__MATERIAL PROVIDED__.
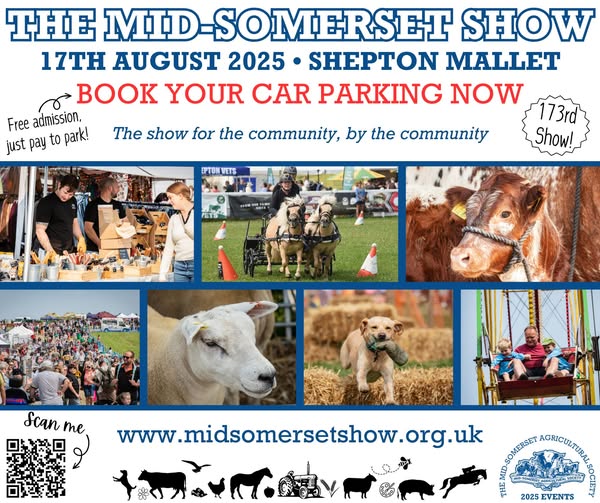🚗 Final Call for Reduced Car Parking! 🚗 Heading to the Mid-Somerset Show this Sunday 17th August? Don’t forget — you don’t need to pay admission, just book your parking in one of our official show car parks! £18 if you book now or £20 on the day. Take advantage of the final chance to grab reduced-rate parking and make your arrival hassle-free. 🎟️ Book now: 👉 https://midsomersetshow.ticketsrv.co.uk/tickets/ #MidSomersetShow2025 #FinalCall #CarParking #FreeEntry #SomersetEvents #BackBritishFarming #FamilyDayOut (fb)
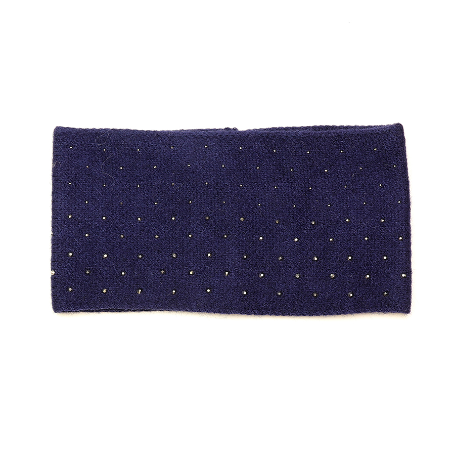Navy blue fine knit cosy wide headband with embellished detail
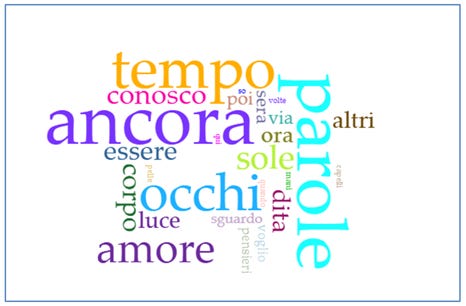 Va precisato che l’elaborazione delle frequenze elaborata da Voyant Tools non tiene conto della lemmatizzazione: forme flessionali della stessa parola vengono conteggiate separatamente. Inoltre, la frequenza delle parole riflette l’aggregazione dei diversi valori che una parola può avere: ad esempio, la frequenza dell’avverbio “ancora” risulta dall’aggregazione dei valori temporale, intensivo e aggiuntivo. Ho escluso dalla rappresentazione grafica parole grammaticali molto comuni quali articoli, preposizioni, congiunzioni, pronomi e gli avverbi “non”, “più” e “come”, che solitamente hanno la più alta frequenza d’uso in ogni testo.
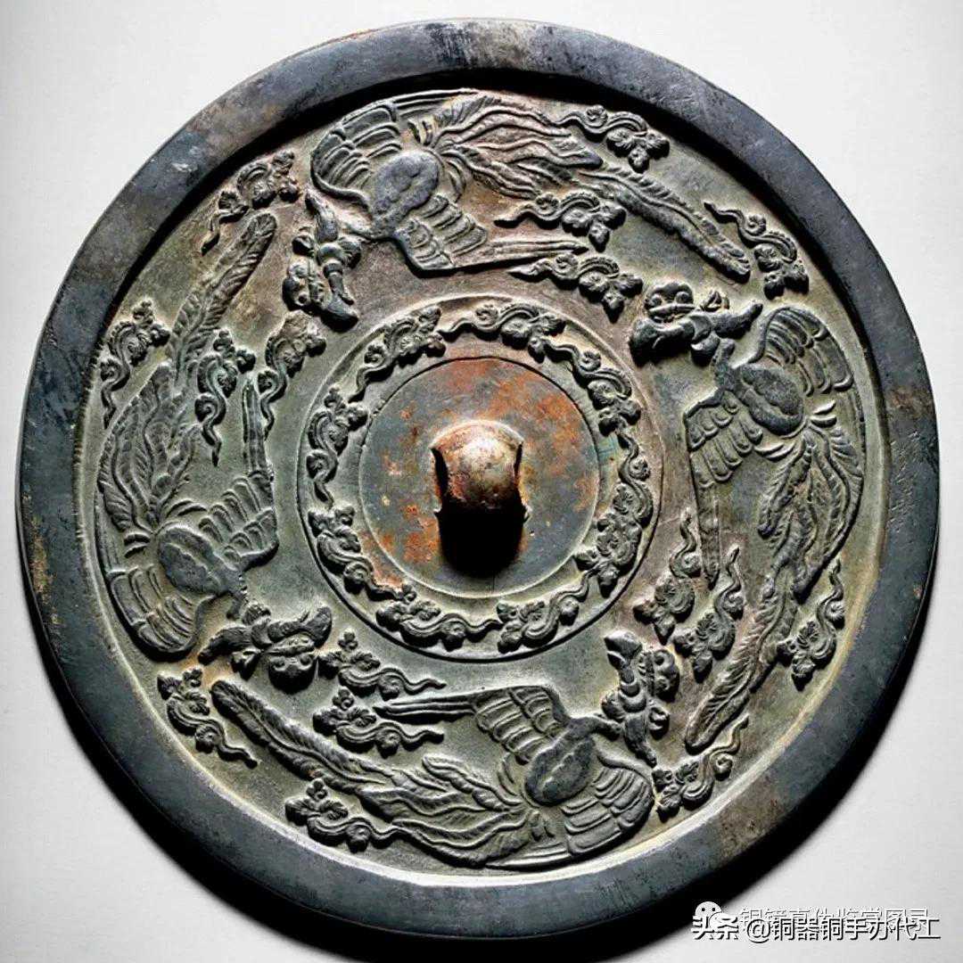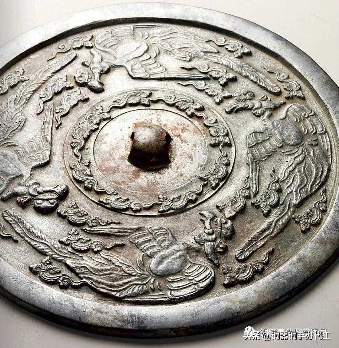 镜尺寸巨大,厚重,铜质白皙,采用高浮雕技法,四只凤鸟铸造精美,刻画细致,气韵生动。勾连的云气纹环饰镜钮,凤鸟巨嘴长尾,展翅飞翔,翎毛细腻,气势恢宏。

__EXERCISE__.
Wherever a picture appears in the listing above, drop it, and restate the rest exactly.

__REPLY__.
🚗 Final Call for Reduced Car Parking! 🚗 Heading to the Mid-Somerset Show this Sunday 17th August? Don’t forget — you don’t need to pay admission, just book your parking in one of our official show car parks! £18 if you book now or £20 on the day. Take advantage of the final chance to grab reduced-rate parking and make your arrival hassle-free. 🎟️ Book now: 👉 https://midsomersetshow.ticketsrv.co.uk/tickets/ #MidSomersetShow2025 #FinalCall #CarParking #FreeEntry #SomersetEvents #BackBritishFarming #FamilyDayOut (fb)
Navy blue fine knit cosy wide headband with embellished detail
 Va precisato che l’elaborazione delle frequenze elaborata da Voyant Tools non tiene conto della lemmatizzazione: forme flessionali della stessa parola vengono conteggiate separatamente. Inoltre, la frequenza delle parole riflette l’aggregazione dei diversi valori che una parola può avere: ad esempio, la frequenza dell’avverbio “ancora” risulta dall’aggregazione dei valori temporale, intensivo e aggiuntivo. Ho escluso dalla rappresentazione grafica parole grammaticali molto comuni quali articoli, preposizioni, congiunzioni, pronomi e gli avverbi “non”, “più” e “come”, che solitamente hanno la più alta frequenza d’uso in ogni testo.
 镜尺寸巨大,厚重,铜质白皙,采用高浮雕技法,四只凤鸟铸造精美,刻画细致,气韵生动。勾连的云气纹环饰镜钮,凤鸟巨嘴长尾,展翅飞翔,翎毛细腻,气势恢宏。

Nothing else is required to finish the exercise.